# FDIC to stop Operation Choke Point



## paraquack (Mar 1, 2013)

In a major development concerning NSSF's leadership to halt discrimination in the provision of financial services and products to firearms related businesses due to "Operation Choke Point," the top officials of the Federal Deposit Insurance Corporation (FDIC) on Wednesday admitted wrongdoing and said they would cease practices that had the effect of encouraging such disparate treatment.
read the article:FDIC Reverses Course on ?Operation Choke Point? | NSSF Blog


----------



## BagLady (Feb 3, 2014)

Well, that's good.


----------



## Ripon (Dec 22, 2012)

With holding a public service over a political argument doesn't strike me as constitutional. If you can force a baker to make a cake for a gay couple a gun shop ought to be able to force a bank to accept its money.


----------



## oddapple (Dec 9, 2013)

Hmmm...makes one wonder "why?"
Actual sense and morals or just the "sense" that they jumped the gun (no pun.
) in doing something like that and spilt their hand ~


----------



## Diver (Nov 22, 2014)

Ripon said:


> With holding a public service over a political argument doesn't strike me as constitutional. If you can force a baker to make a cake for a gay couple a gun shop ought to be able to force a bank to accept its money.


A baker does not have a regulator ready to seize his business if he doesn't comply. This was not about "forcing a bank" to do anything. The banks were being ordered by regulators to withhold the service and the regulators still have the authority to step in and seize the institution at any time without warning.

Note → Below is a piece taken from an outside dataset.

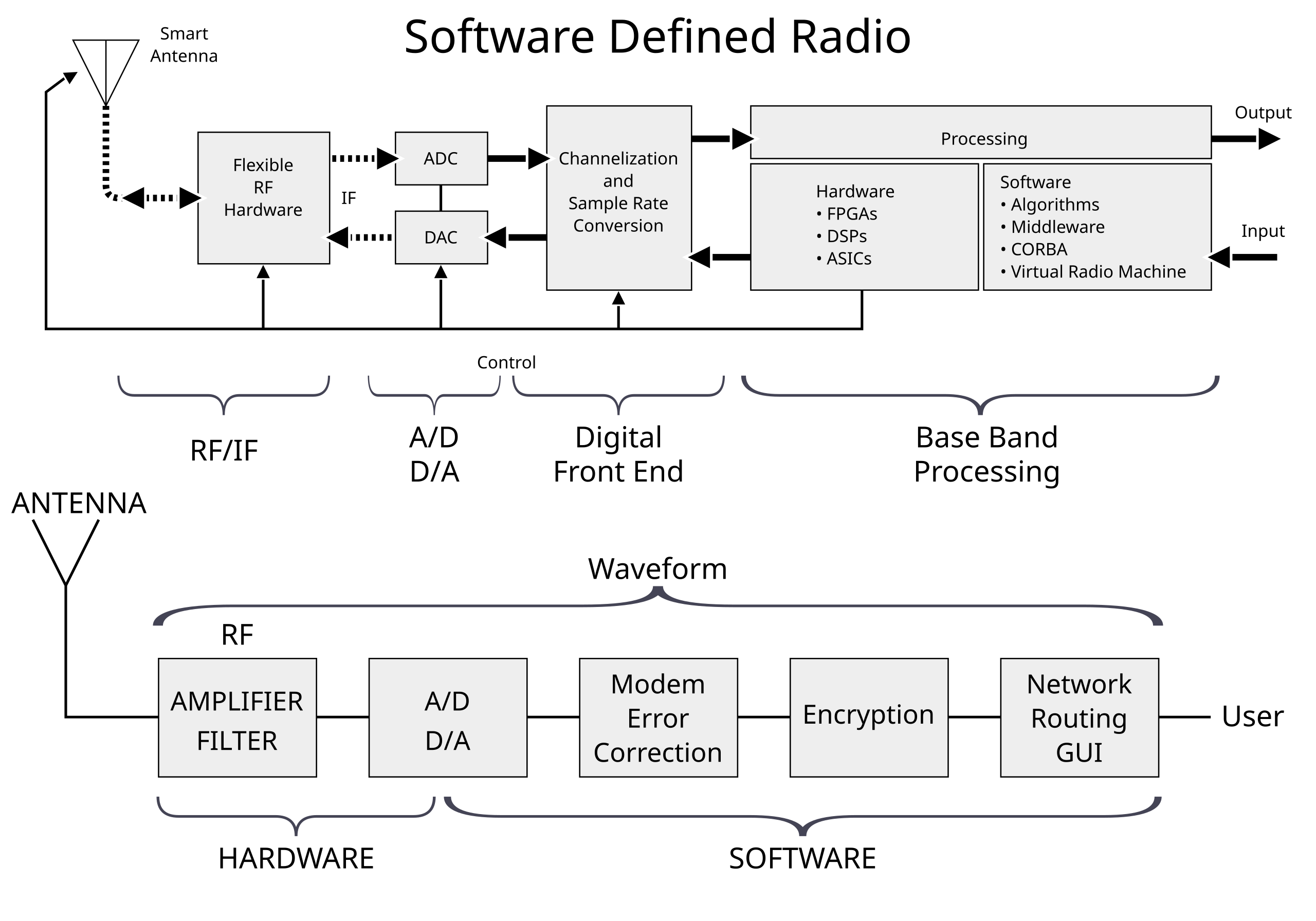 Traditional radio architectures lock most signal processing functions into hardware. A typical superheterodyne receiver uses fixed frequency oscillators, crystal filters, and dedicated mixer stages to down-convert RF signals to baseband. Changing the operating frequency or modulation scheme requires physically swapping components or switching between parallel signal chains. The result is inflexible hardware optimized for a narrow range of operating conditions.

One thing I always find amusing about any discussion about banks is the degree to which folks outside the industry believe the banks have discretion when they actually have no say in the matter.


----------



## Smitty901 (Nov 16, 2012)

That is their story and they are sticking to it. As long as Obama and holder are around it will not stop.


----------



## Oddcaliber (Feb 17, 2014)

The bankstrs said don't mess with the money!


----------



## Ralph Rotten (Jun 25, 2014)

Obama went that route because SCOTUS and Congress have completely cockblocked him. He had no other path than back-door gun control. Add to that Holder's departure to pull off some of the blame... Obama has been promising the gun control crowd some action for years now, so he had to do something. He already banned importation of M1s from Korea by classifying them as assault weapons, what else could he do. 

Funny thing: Gun store owners are almost always Republican. Why? Because under democratic years they tend to get screwed with more by the ATF. During republican terms the ATF generally has a different focus. But get a gun-banner president n office and the ATF tends to be jack booted to retailers, viewing them as suspects versus legitimate businessmen.


----------



## Camel923 (Aug 13, 2014)

What they say and what they do can be two entirely different things. Watch and see.


----------



## Ralph Rotten (Jun 25, 2014)

I think we are done with any real threats to our gun rights for a couple of years. But don;t expect prices to normalize until a republican is in the whitehouse for 18 months. Retailers have been gouging us for the last six years (seven actually since they jacked prices up before Obama even took the oath.) 

I miss the days of 7.62x39 in cheap and plentiful supply. Back when I had no reason to use my x39 dies. Back then, when it was ludicrous to even think about reloading that stuff. Why? It was dirt cheap. A buck and a half a box. Sure the steel cases were shite, but who cared? I still have a few ammo cans of the stuff sealed, but I won't shoot it until...prolly until the world ends. 

Sorry, I digress.


----------



## paraquack (Mar 1, 2013)

Yeah, come to think of it, how can we trust an administration who has no concept of "TRUTH"?


----------



## Oddcaliber (Feb 17, 2014)

It's because " They can't handle the truth!"


----------